Jewish-Austrian poet and Zionist (1881–1914)

Hugo Zuckermann (15 May 1881 – 23 December 1914) was a Jewish-Austrian poet and Zionist.

Zuckermann was born in Cheb.

During his studies in Vienna, he became a member of the Theodor Herzl Association of Zionist University Students and later of the Jewish academic fraternity Libanonia.

In 1907 he founded, together with writer Oskar Rosenfeld, Egon Brecher and others a Jewish theatre group to play modern Yiddish dramas in the German language. The initiative lasted for one or two years. Later he became a lawyer in Meran. He fell early in the First World War after having written the very popular "Österreichisches Reiterlied". His work, published in one volume with an introduction by Otto Abeles in 1915, consists of poems including some translations from the Bible (Shir Hashirim, psalms).
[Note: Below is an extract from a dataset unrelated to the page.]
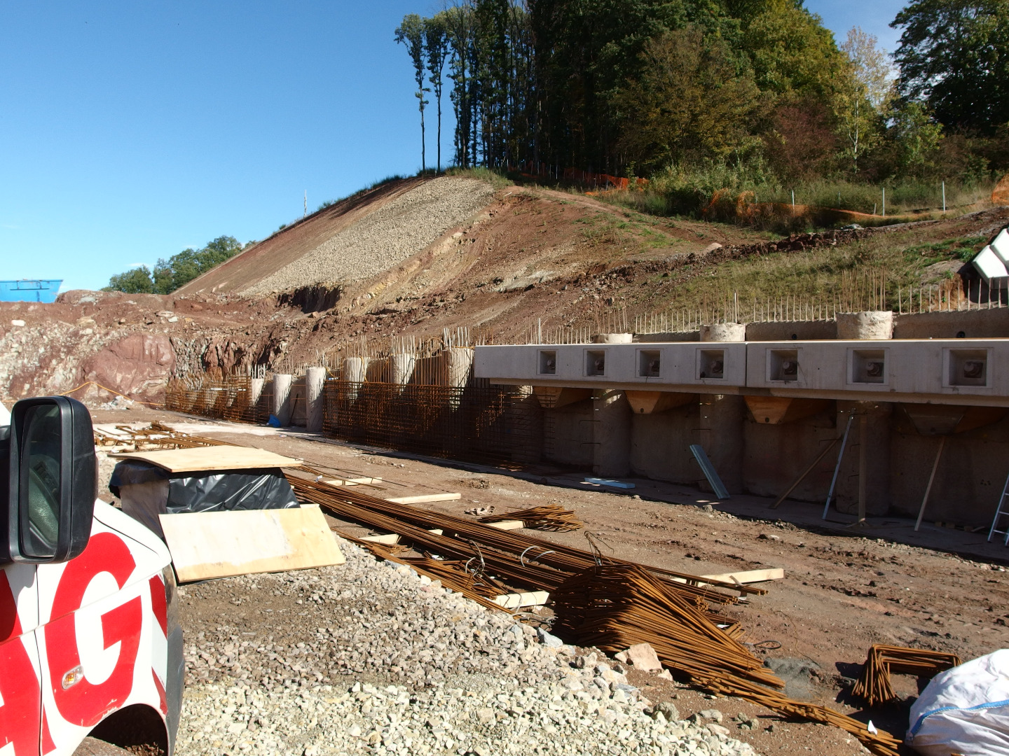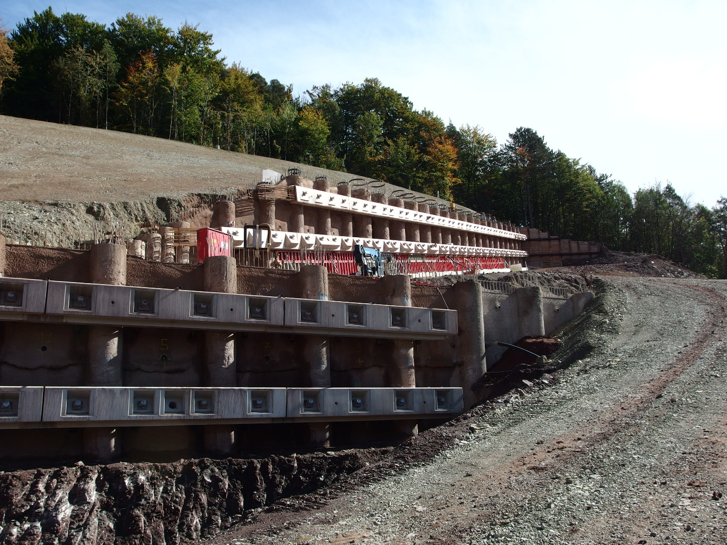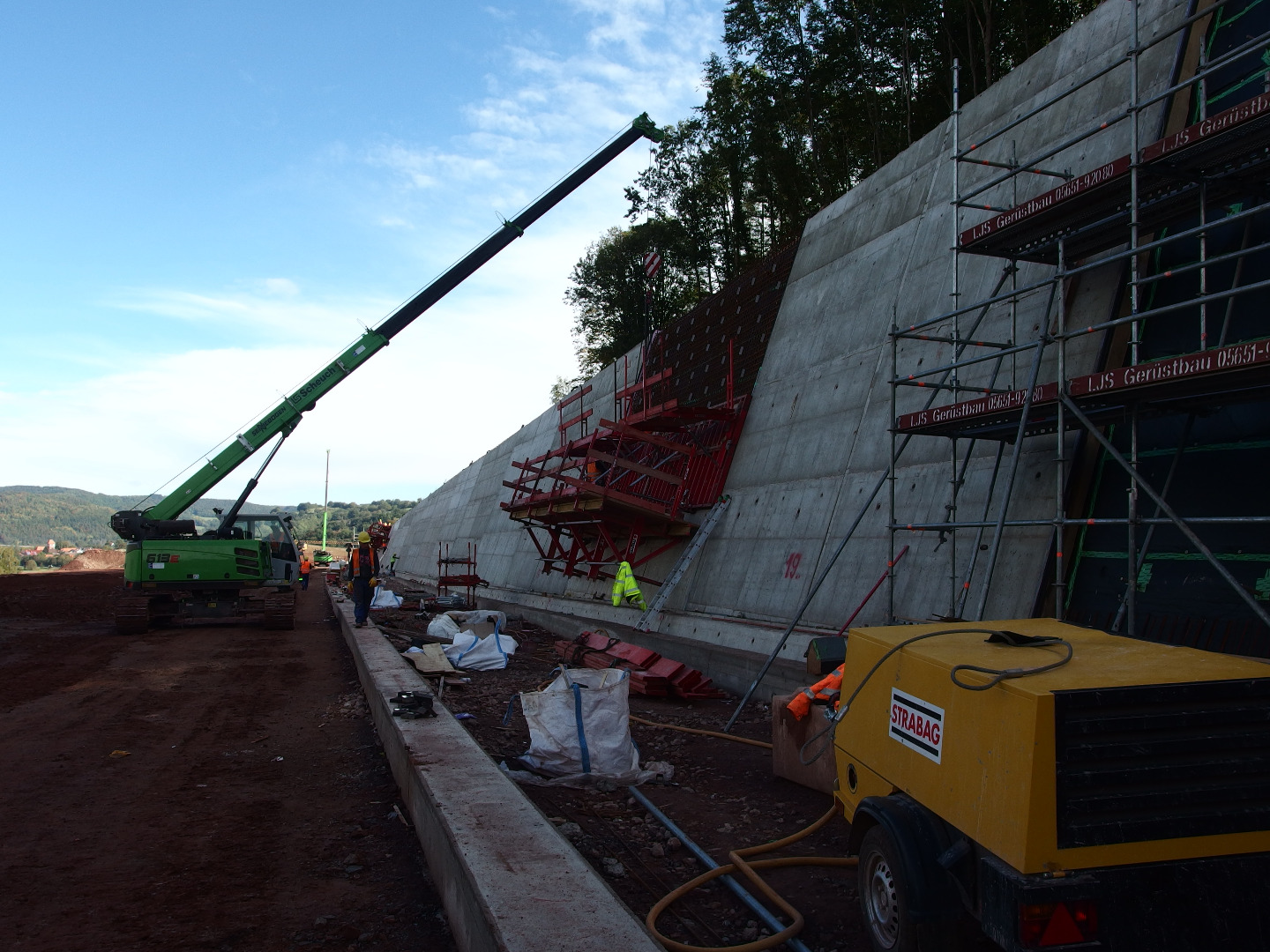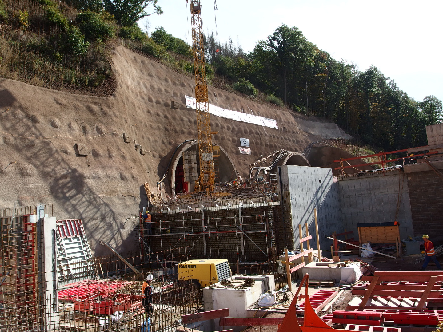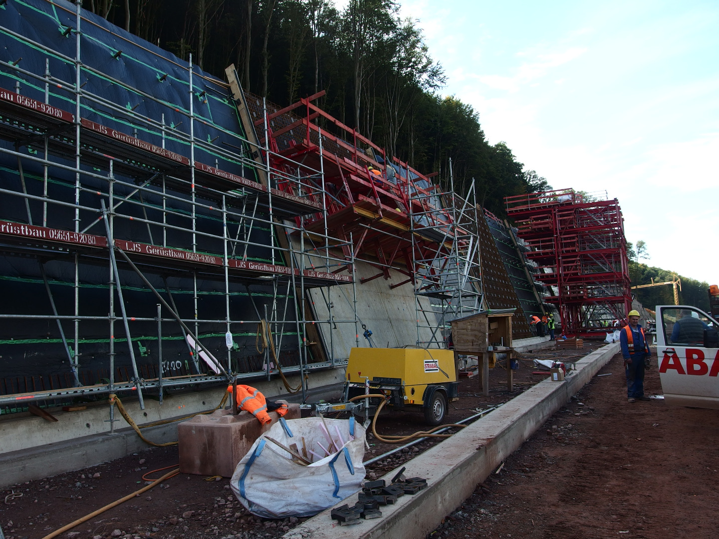 Zlecenie na zasadzie użyczenia personelu, w ramach którego wykonywane są różne roboty na obiektach pomocniczych. Liczne obiekty typu zbiorniki wody gaśniczej oraz budynki techniczne, jak również zabudowa skarpy skalnej na długości ok. 500metrów, w technologii żelbetonowej ze ścianami i słupami czołowymi. W celu uzyskania szybkiego postępu robót zastosowano jednostronny szalunek.

He also translated poems by Isaac Leib Peretz, Sholem Asch, Abraham Reisen, S. Schneir and other Yiddish authors. He died in Eger.

== Literature ==
- Meier M. Reschke, Hugo Zuckermann: A Great Jewish Leader, Vantage Pr., 1985. ISBN 0-533-06136-9
- Hugo Zuckermann, Gedichte (edited by ), R. Löwit Verlag, Wien, 1915.